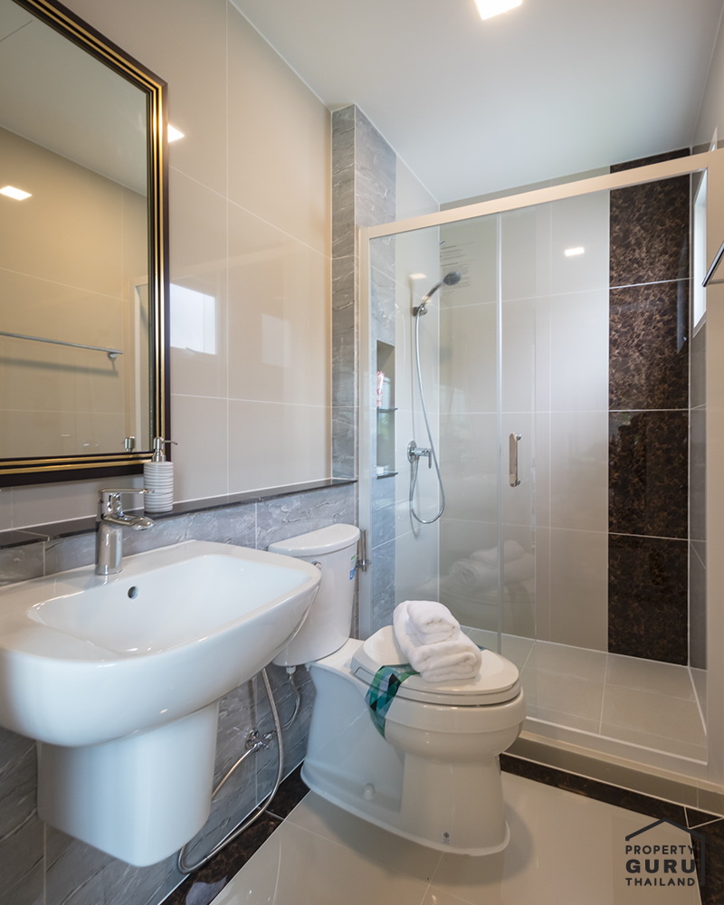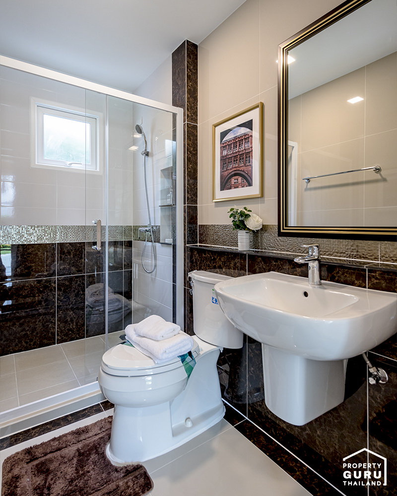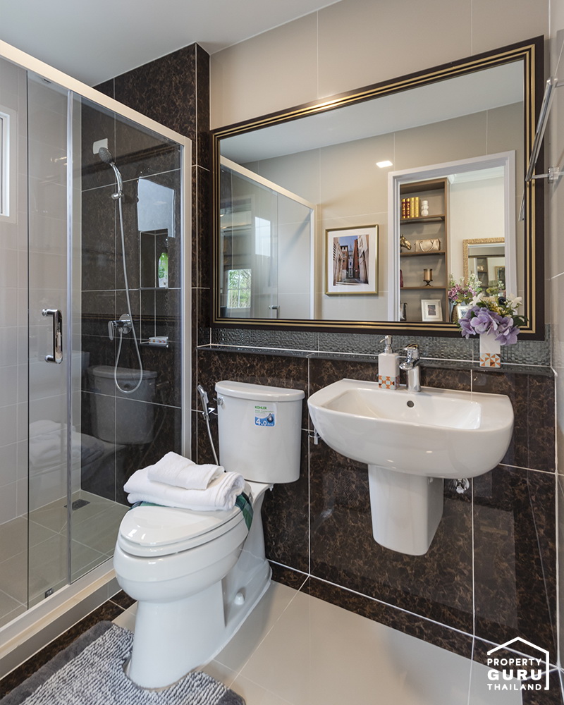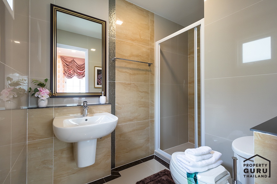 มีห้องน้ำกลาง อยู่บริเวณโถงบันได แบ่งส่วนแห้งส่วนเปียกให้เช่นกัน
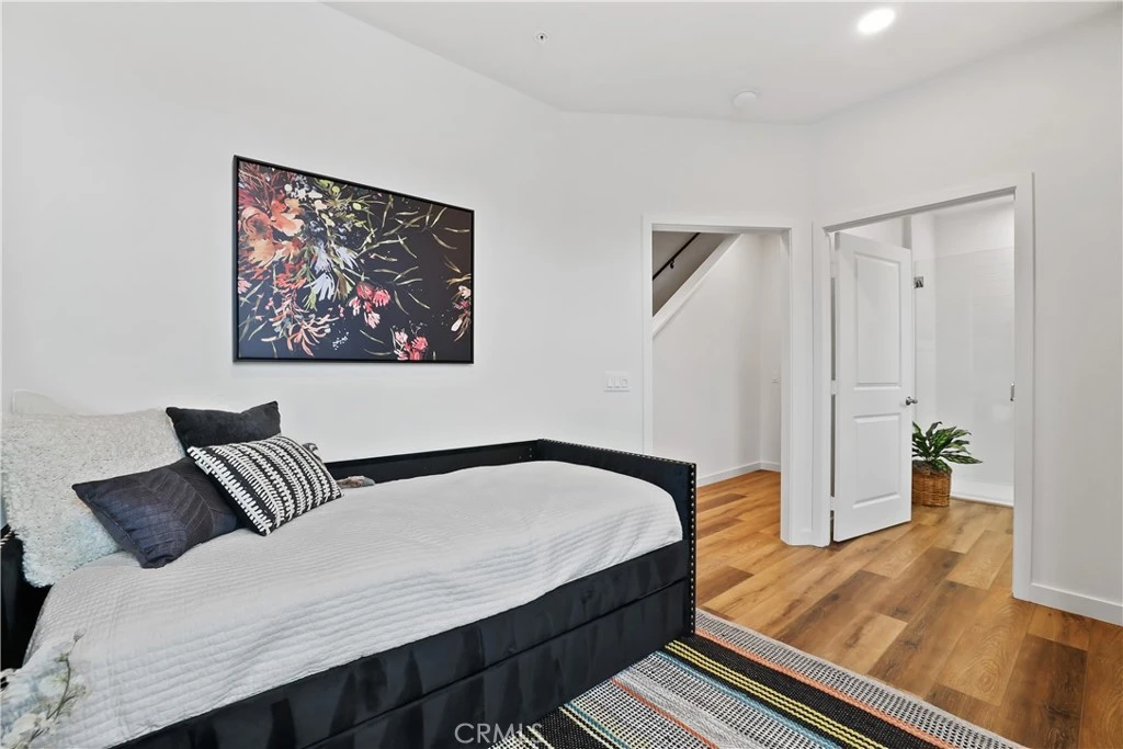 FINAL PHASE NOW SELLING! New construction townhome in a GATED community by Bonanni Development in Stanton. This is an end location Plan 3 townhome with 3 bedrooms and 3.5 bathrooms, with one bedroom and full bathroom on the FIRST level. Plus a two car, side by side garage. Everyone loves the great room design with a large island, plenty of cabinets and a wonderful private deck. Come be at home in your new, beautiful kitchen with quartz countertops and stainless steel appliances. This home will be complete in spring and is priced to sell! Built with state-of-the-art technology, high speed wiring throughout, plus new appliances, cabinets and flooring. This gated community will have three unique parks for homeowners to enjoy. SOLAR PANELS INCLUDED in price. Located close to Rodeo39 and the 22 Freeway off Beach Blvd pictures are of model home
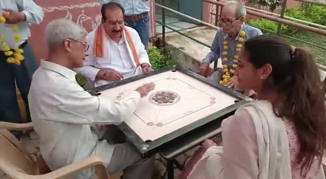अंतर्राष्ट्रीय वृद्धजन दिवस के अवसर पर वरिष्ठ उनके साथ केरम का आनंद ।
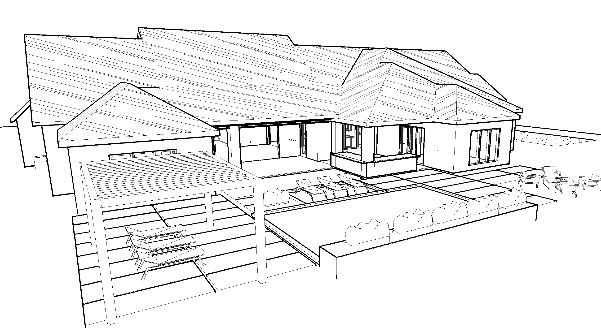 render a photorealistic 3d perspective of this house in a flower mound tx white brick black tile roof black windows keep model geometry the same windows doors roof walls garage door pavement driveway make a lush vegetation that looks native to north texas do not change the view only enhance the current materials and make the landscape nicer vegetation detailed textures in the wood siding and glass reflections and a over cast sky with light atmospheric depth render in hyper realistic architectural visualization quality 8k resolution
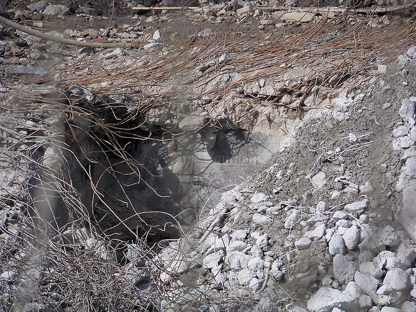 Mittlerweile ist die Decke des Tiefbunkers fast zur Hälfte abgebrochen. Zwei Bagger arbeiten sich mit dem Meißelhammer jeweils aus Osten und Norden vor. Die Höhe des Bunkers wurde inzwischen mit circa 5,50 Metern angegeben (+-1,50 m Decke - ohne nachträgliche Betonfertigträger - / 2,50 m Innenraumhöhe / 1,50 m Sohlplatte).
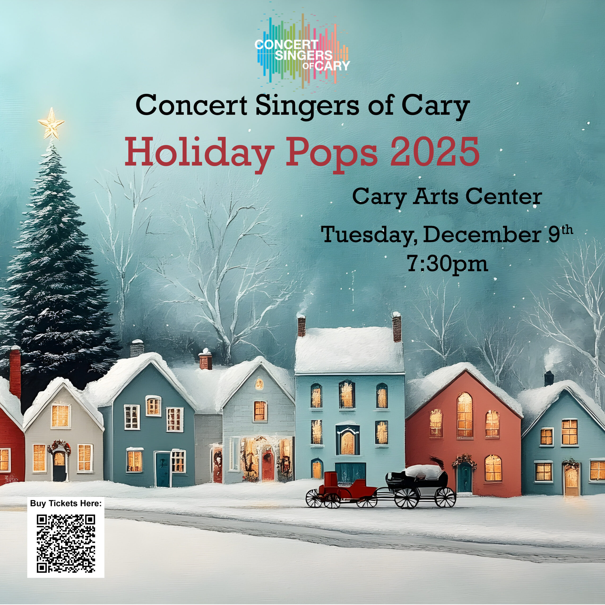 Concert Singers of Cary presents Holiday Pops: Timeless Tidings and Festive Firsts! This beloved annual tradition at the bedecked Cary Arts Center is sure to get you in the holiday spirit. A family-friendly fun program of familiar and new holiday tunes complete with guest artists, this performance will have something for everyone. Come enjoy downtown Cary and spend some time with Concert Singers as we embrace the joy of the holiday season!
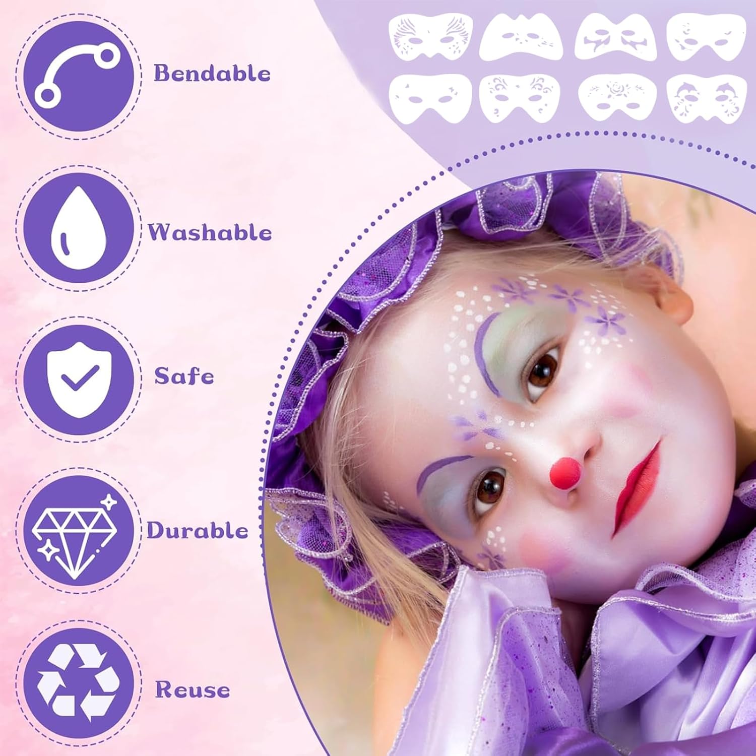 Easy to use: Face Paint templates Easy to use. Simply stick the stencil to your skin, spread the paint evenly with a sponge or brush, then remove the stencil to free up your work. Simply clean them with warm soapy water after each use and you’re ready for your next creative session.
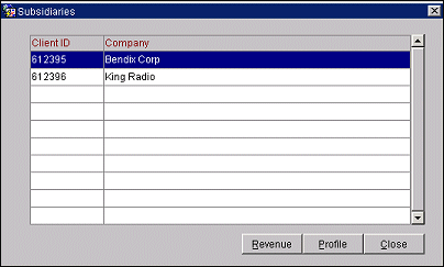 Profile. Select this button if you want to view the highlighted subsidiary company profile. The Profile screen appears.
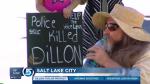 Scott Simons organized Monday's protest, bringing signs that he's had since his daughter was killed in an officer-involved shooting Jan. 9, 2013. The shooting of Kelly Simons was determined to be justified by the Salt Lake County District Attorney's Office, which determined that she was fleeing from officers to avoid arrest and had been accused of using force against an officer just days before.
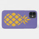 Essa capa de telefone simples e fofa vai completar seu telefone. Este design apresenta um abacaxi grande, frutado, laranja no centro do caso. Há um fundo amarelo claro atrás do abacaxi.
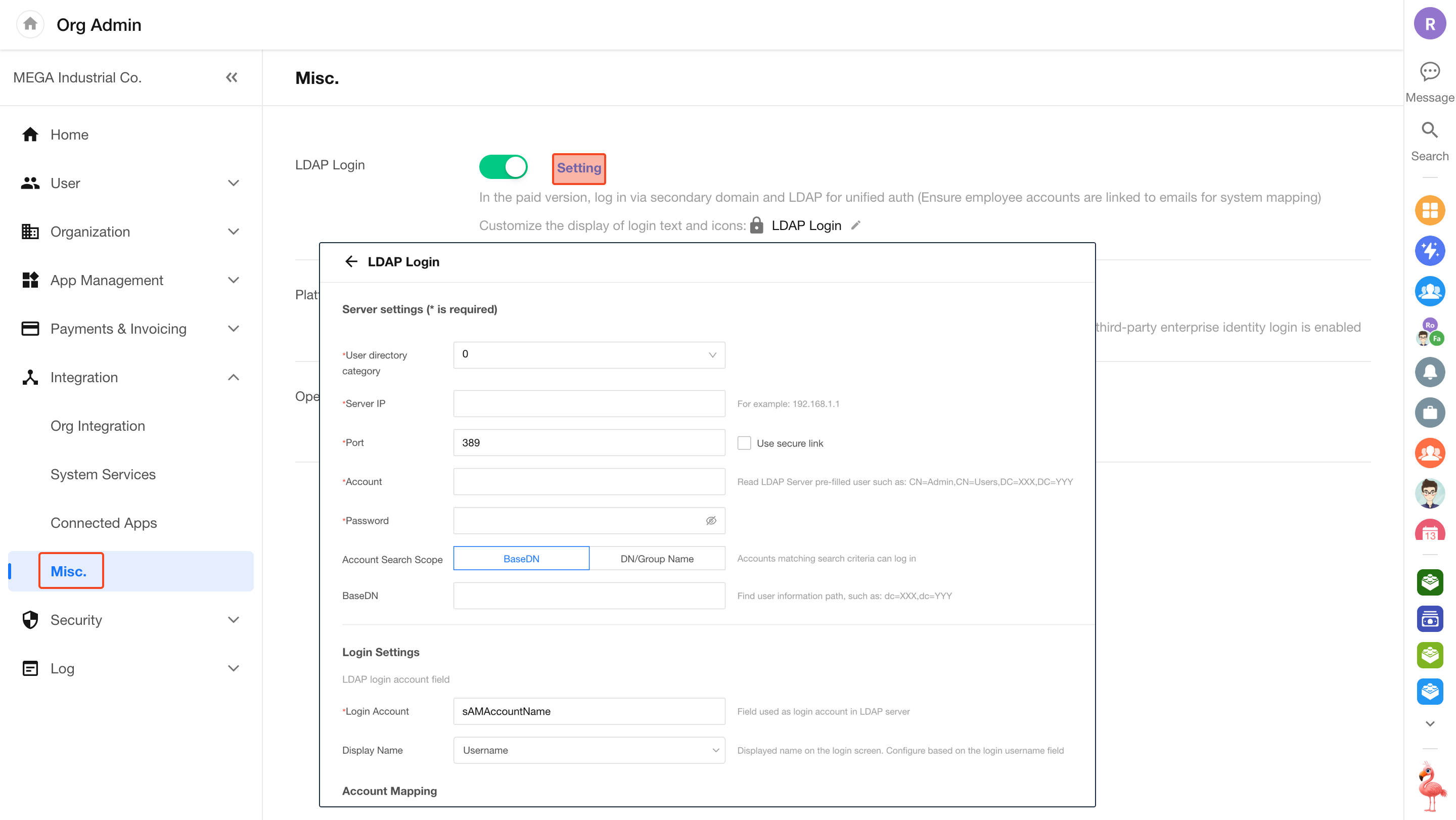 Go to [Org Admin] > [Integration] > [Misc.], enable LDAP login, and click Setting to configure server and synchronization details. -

★ ★ ★ ★ ★ ★ ★

**EXERCISE PROMPT**
If an entry contains an image, please omit that image and print everything else verbatim.

**TASK OUTPUT**
 มีห้องน้ำกลาง อยู่บริเวณโถงบันได แบ่งส่วนแห้งส่วนเปียกให้เช่นกัน
 FINAL PHASE NOW SELLING! New construction townhome in a GATED community by Bonanni Development in Stanton. This is an end location Plan 3 townhome with 3 bedrooms and 3.5 bathrooms, with one bedroom and full bathroom on the FIRST level. Plus a two car, side by side garage. Everyone loves the great room design with a large island, plenty of cabinets and a wonderful private deck. Come be at home in your new, beautiful kitchen with quartz countertops and stainless steel appliances. This home will be complete in spring and is priced to sell! Built with state-of-the-art technology, high speed wiring throughout, plus new appliances, cabinets and flooring. This gated community will have three unique parks for homeowners to enjoy. SOLAR PANELS INCLUDED in price. Located close to Rodeo39 and the 22 Freeway off Beach Blvd pictures are of model home
अंतर्राष्ट्रीय वृद्धजन दिवस के अवसर पर वरिष्ठ उनके साथ केरम का आनंद ।
 render a photorealistic 3d perspective of this house in a flower mound tx white brick black tile roof black windows keep model geometry the same windows doors roof walls garage door pavement driveway make a lush vegetation that looks native to north texas do not change the view only enhance the current materials and make the landscape nicer vegetation detailed textures in the wood siding and glass reflections and a over cast sky with light atmospheric depth render in hyper realistic architectural visualization quality 8k resolution
 Mittlerweile ist die Decke des Tiefbunkers fast zur Hälfte abgebrochen. Zwei Bagger arbeiten sich mit dem Meißelhammer jeweils aus Osten und Norden vor. Die Höhe des Bunkers wurde inzwischen mit circa 5,50 Metern angegeben (+-1,50 m Decke - ohne nachträgliche Betonfertigträger - / 2,50 m Innenraumhöhe / 1,50 m Sohlplatte).
 Concert Singers of Cary presents Holiday Pops: Timeless Tidings and Festive Firsts! This beloved annual tradition at the bedecked Cary Arts Center is sure to get you in the holiday spirit. A family-friendly fun program of familiar and new holiday tunes complete with guest artists, this performance will have something for everyone. Come enjoy downtown Cary and spend some time with Concert Singers as we embrace the joy of the holiday season!
 Easy to use: Face Paint templates Easy to use. Simply stick the stencil to your skin, spread the paint evenly with a sponge or brush, then remove the stencil to free up your work. Simply clean them with warm soapy water after each use and you’re ready for your next creative session.
 Profile. Select this button if you want to view the highlighted subsidiary company profile. The Profile screen appears.
 Scott Simons organized Monday's protest, bringing signs that he's had since his daughter was killed in an officer-involved shooting Jan. 9, 2013. The shooting of Kelly Simons was determined to be justified by the Salt Lake County District Attorney's Office, which determined that she was fleeing from officers to avoid arrest and had been accused of using force against an officer just days before.
 Essa capa de telefone simples e fofa vai completar seu telefone. Este design apresenta um abacaxi grande, frutado, laranja no centro do caso. Há um fundo amarelo claro atrás do abacaxi.
 Go to [Org Admin] > [Integration] > [Misc.], enable LDAP login, and click Setting to configure server and synchronization details. -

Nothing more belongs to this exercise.